Sterling Tumbles as BoE Keeps Rates on Hold, Cuts Growth Forecasts

On their marks Unite members and workers in Carney masks picket the Bank’s head office in the City of London

Wage growth was also revised down by the bank.

And yesterday it said the economy will grow by 1.7pc in 2017, up from a forecast of just 1pc made after the referendum.

It also fell around a cent against the dollar, plumbing a three-day low of $1.3140, having earlier reached an 11-month high of $1.3267 against the United States currency.

One day after the bank cut its growth forecasts and Governor Mark Carney warned that the outlook is highly dependent on how the United Kingdom manages its exit from the European Union, Broadbent said that clarity on the divorce is vital for companies.

The odds of the BoE raising interest rates in the coming months naturally slumped in the wake of the meeting, something which is likely to continue to weigh on GBP exchange rates. However, the case for a rate hike has strengthened in recent months.

Secondly, there's still no clear transition deal for Britain's relationship with the European Union after Brexit. Kristin Forbes, a hawk, has since been replaced with Silvana Tenreyro, who voted to hold the rate steady in Thursday's decision.

"Monetary policy cannot prevent the weaker real incomes likely to accompany the move to new trading arrangements, but it can influence how this hit to incomes is distributed between job losses and price rises, and it can support United Kingdom households and businesses as they adjust to such profound change".

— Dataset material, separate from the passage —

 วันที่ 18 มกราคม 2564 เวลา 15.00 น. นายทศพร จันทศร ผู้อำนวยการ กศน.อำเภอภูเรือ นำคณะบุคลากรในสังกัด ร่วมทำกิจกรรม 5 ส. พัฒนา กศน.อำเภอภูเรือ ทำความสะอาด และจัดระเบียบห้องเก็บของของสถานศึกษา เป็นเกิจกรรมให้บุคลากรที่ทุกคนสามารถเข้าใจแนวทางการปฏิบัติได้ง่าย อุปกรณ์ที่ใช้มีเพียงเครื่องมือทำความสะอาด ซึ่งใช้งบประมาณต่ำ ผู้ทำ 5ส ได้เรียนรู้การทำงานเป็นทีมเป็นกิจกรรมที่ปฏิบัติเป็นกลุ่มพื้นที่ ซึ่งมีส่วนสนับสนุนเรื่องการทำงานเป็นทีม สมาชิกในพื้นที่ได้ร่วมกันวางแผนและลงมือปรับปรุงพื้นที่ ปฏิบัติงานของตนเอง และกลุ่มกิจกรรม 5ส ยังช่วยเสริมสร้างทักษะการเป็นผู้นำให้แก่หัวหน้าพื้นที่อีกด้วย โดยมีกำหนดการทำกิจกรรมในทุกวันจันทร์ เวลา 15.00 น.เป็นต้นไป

He said the drop in sterling following the Brexit vote had fuelled inflation.

In contrast, lower interest rates can be justified as it can lead to higher spending due to the increase in the prices of assets.

The speed limit of the economy has slowed, Bank of England governor Mark Carney said, with uncertainty around Brexit being blamed.

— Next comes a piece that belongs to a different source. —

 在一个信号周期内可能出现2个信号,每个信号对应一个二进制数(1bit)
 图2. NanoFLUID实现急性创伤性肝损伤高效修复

It expects GDP growth to fall back to 1.6% next year, down slightly on the previous expectation of 1.7% expansion.

Even as the BoE trimmed its projections for United Kingdom gross domestic product and earnings growth in the short-term, it indicated that rates might need to rise by more than financial markets were then expecting.

"While importers are still suffering the headache of higher foreign supplier and equipment costs, if the economy improves further in the second half of this year we could see a stronger pound, as the Bank warned that tightening may be required to bring inflation back down to target".

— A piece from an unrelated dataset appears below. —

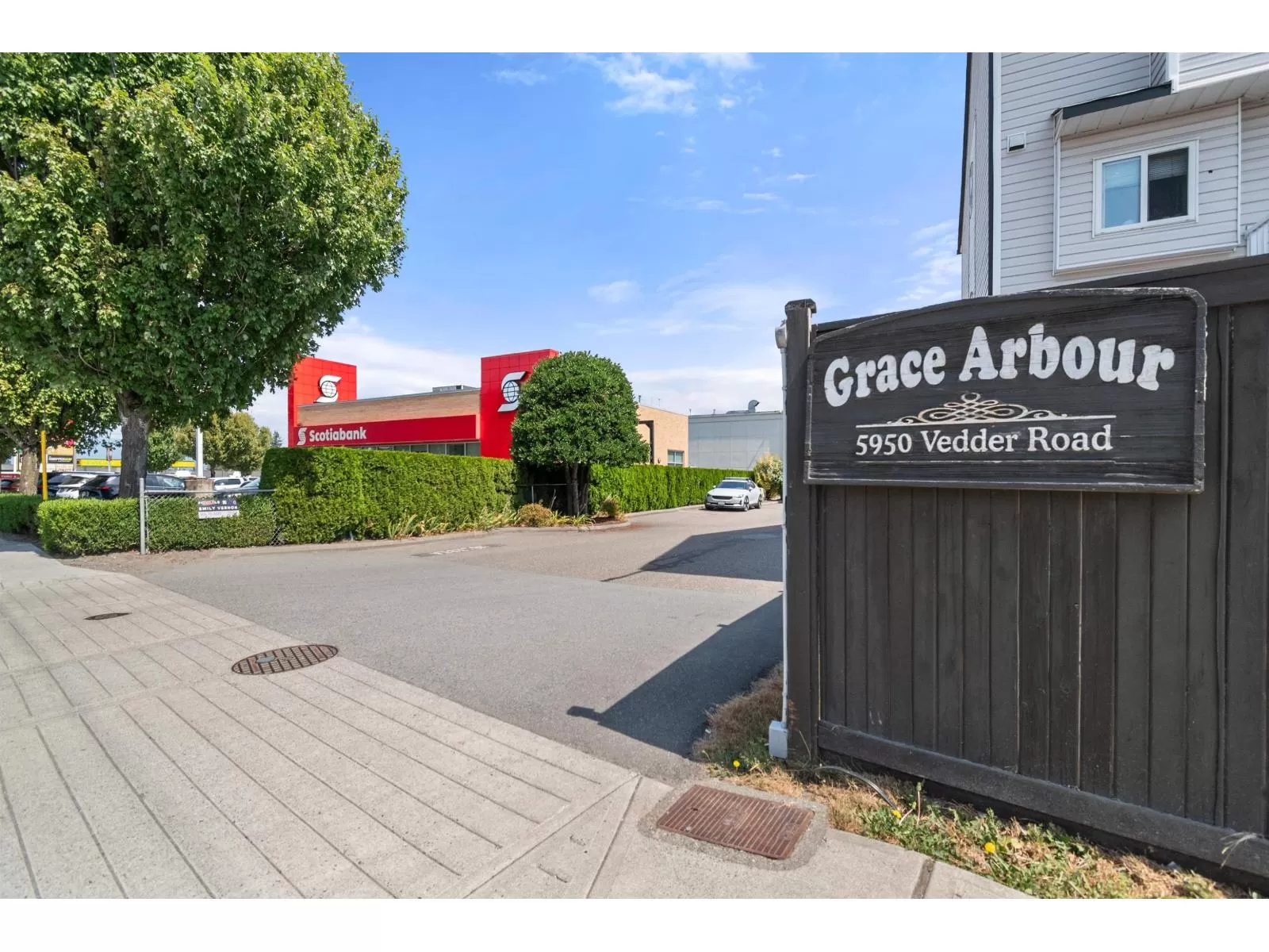 Superb location! Minutes from shopping, recreation, transit, schools, parks, and amenities. This 3-story townhouse features an attached garage, 3-level, add'l parking, and a fenced yard. The expansive LR showcases a gas fireplace, and the kitchen balcony provides views of the mountains and city. The 2021 renovations included updated kitchen cabinets, quartz countertops, new backsplash, flooring, stainless steel appliances, new lighting, updated bathrooms, customized closet, and a spacious walk-in closet in Primary BR. A rare opportunity to own a well loved and well maintained Sardis townhouse at Grace Arbour, ideal for families or investors seeking a turn-key property. Schedule a showing to experience its excellence. Roof replacement levy is being paid with 4 months left. (id:27476)

The MPC was split six-two over the decision as it seeks to meet its 2% inflation target.

Fabrice Montagne, chief United Kingdom and senior European economist at Barclays, said: "We expect the Bank of England to downgrade its forecast in order to reflect disappointing data". As this pattern extends (which it's expected to do tomorrow) the market will be getting closer and closer to full employment, more pressure on inflation and wage rises.